"The disastrous course of the past 4 years?" Try telling that to Baby Cakes, Mr. Gore. He and his sis, the Divine Miss T, have been having the time of their lives for the past 4 years.
"Hello Donot," writes the unspeakable Al Gore in an email forwarded to us by his dear "friend," our own Taxachusetts Senator John Kerry:
By the narrowest of margins, we lost our chance to elect John Kerry president in 2004 and cut short the disastrous course of the past 4 years.
In 2000 and 2004, just a small difference in voter turnout would have made the difference. This time around, that difference could be you.
That's why I'm asking you to consider taking the day off to volunteer on Election Day — Tuesday, November 4th — to help carry Barack Obama to victory.
I know that this isn't possible for everyone, but if you can, I'd like for you to sign up to get out the vote on Election Day so that we can finally bring the change this country needs.
Speaking of disastrous courses of the past 4 years — NOT! — check out the first course, doibs (above) we had last night for our Friday WSJ Crossword Puzzle Date, featuring Triscuits topped with leftover meatball slices on a dollop of mayo and chicken strogie with shredded parmesan and cheddar. The carrot was frosting on the cake.
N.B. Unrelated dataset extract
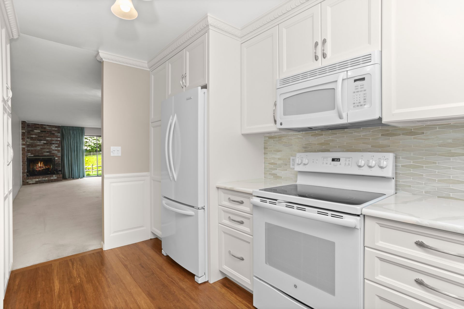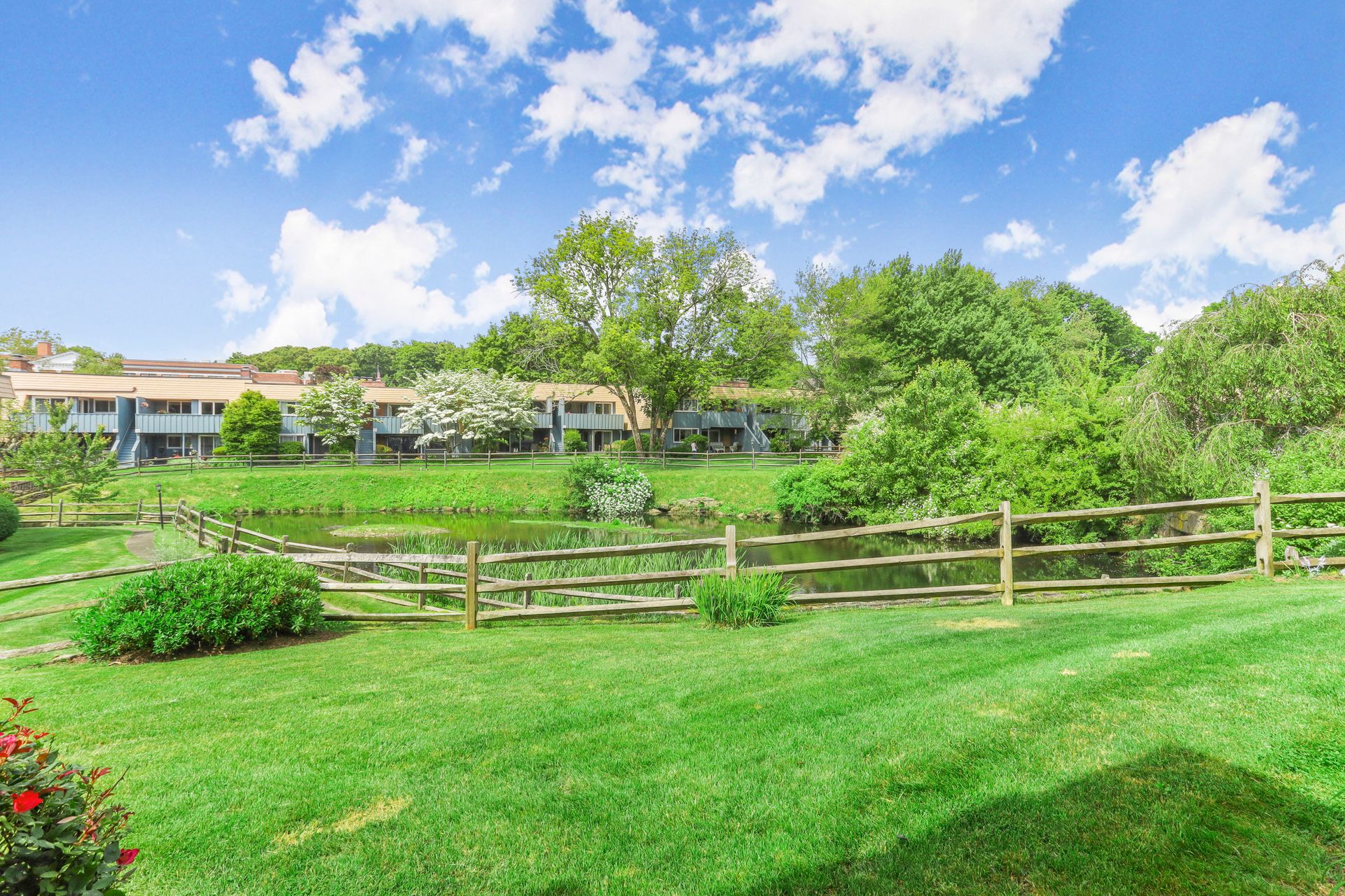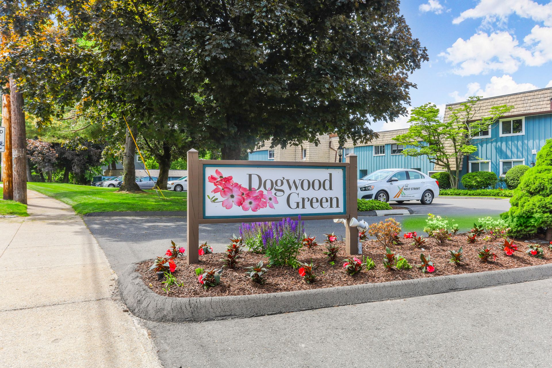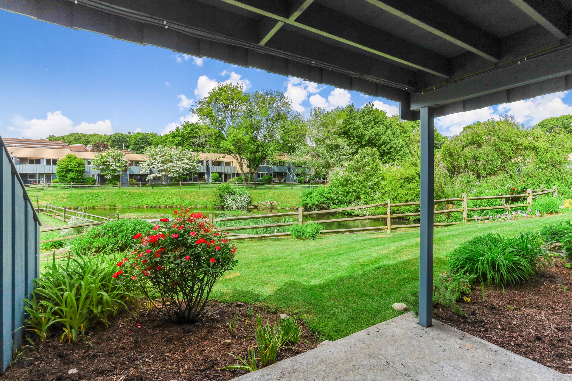 Welcome to Dogwood Green, a wonderful opportunity for a 2 bedroom ranch style condo, ground level, single level living unit in the perfect location. This well maintained unit boasts a living/dining room with brick fireplace and sliders to the patio. A newer kitchen with granite countertops, white cabinets plus built-in pantry. There are 2 spacious bedrooms, the primary bedroom has a double closet and a scenic view of the serene pond and lawn plus a primary bath with shower/tub. The second bedroom has ample closet space, an updated hallway bath with stall shower and granite countertops plus tons of storage space and washer/dryer. It is in a prime location in this complex with steps to the unit from the parking area(assigned parking space #44), ample visitor parking and the most optimal backyard location. The covered patio overlooks the pretty pond with walking paths, close to association in-ground pool, plus has an addt'l storage unit attached to the patio. The added bonus is the ONE CAR garage with even more storage. A convenient Stratfield location near shops, Owen Fish Park and minutes to the train and highway. A must see and a great opportunity!

Icky poo. How sad that skipping work to support the Democrat candidate is the best our fellow Americans on the left side of the aisle have to offer in defense of the Shining City Upon a Hill. How condescending to the intelligence of us little people is that? These are humor-challenged folk who are capable of asserting, as does Roseanne, that "An Obama presidency would be great for comedy, as it signals a rise in the intelligence level of America, which makes for better, more ironic and layered jokes." Can you say nuance? We're with centrist Ann Althouse on this:
Blah! I despise all the comic writers who have held their fire because they so want Obama to win. Comedy first, you traitors to your craft.